WORK REQUEST >>
Omit every picture, then return each line of the data below exactly.

RAW DATA >>
<<<<

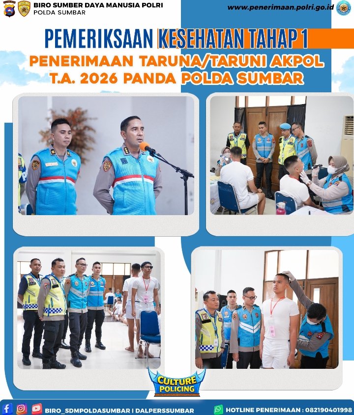 Padang – Pelaksanaan Pemeriksaan Kesehatan (Rikkes) Tahap I dalam rangka penerimaan Taruna/i Akademi Kepolisian (Akpol) Tahun Anggaran 2026 Panda Polda Sumatera Barat berlangsung lancar dan tertib, Jumat (10/4/2026).
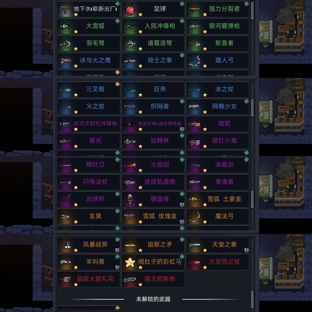 【远程武器】——【足球*】【强力分裂者*】【银河霰弹枪】【骑士之拳*】【巫师法杖】【织网者*】【次次次时代冲锋枪】【加特林*】【暗红小鬼】【闪电法杖】【雪狐土豪金】……
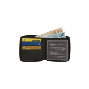 Carteira Fasolo Masculina Couro - Confeccionada em Couro; - Possui seis divisões para cartão; - Possui seis plásticos transparentes para documentos; - Possui uma repartições para notas e divisões extras; - Possui Bolso com zíper externo para moedas. ; - Dimensões: 9 x 12 x 2 cm alt x larg x prof ; Imagens meramente ilustrativas Marca: Não Informado

>>>>

RESULT FOR THIS EXERCISE >>
 Padang – Pelaksanaan Pemeriksaan Kesehatan (Rikkes) Tahap I dalam rangka penerimaan Taruna/i Akademi Kepolisian (Akpol) Tahun Anggaran 2026 Panda Polda Sumatera Barat berlangsung lancar dan tertib, Jumat (10/4/2026).
 【远程武器】——【足球*】【强力分裂者*】【银河霰弹枪】【骑士之拳*】【巫师法杖】【织网者*】【次次次时代冲锋枪】【加特林*】【暗红小鬼】【闪电法杖】【雪狐土豪金】……
 Carteira Fasolo Masculina Couro - Confeccionada em Couro; - Possui seis divisões para cartão; - Possui seis plásticos transparentes para documentos; - Possui uma repartições para notas e divisões extras; - Possui Bolso com zíper externo para moedas. ; - Dimensões: 9 x 12 x 2 cm alt x larg x prof ; Imagens meramente ilustrativas Marca: Não Informado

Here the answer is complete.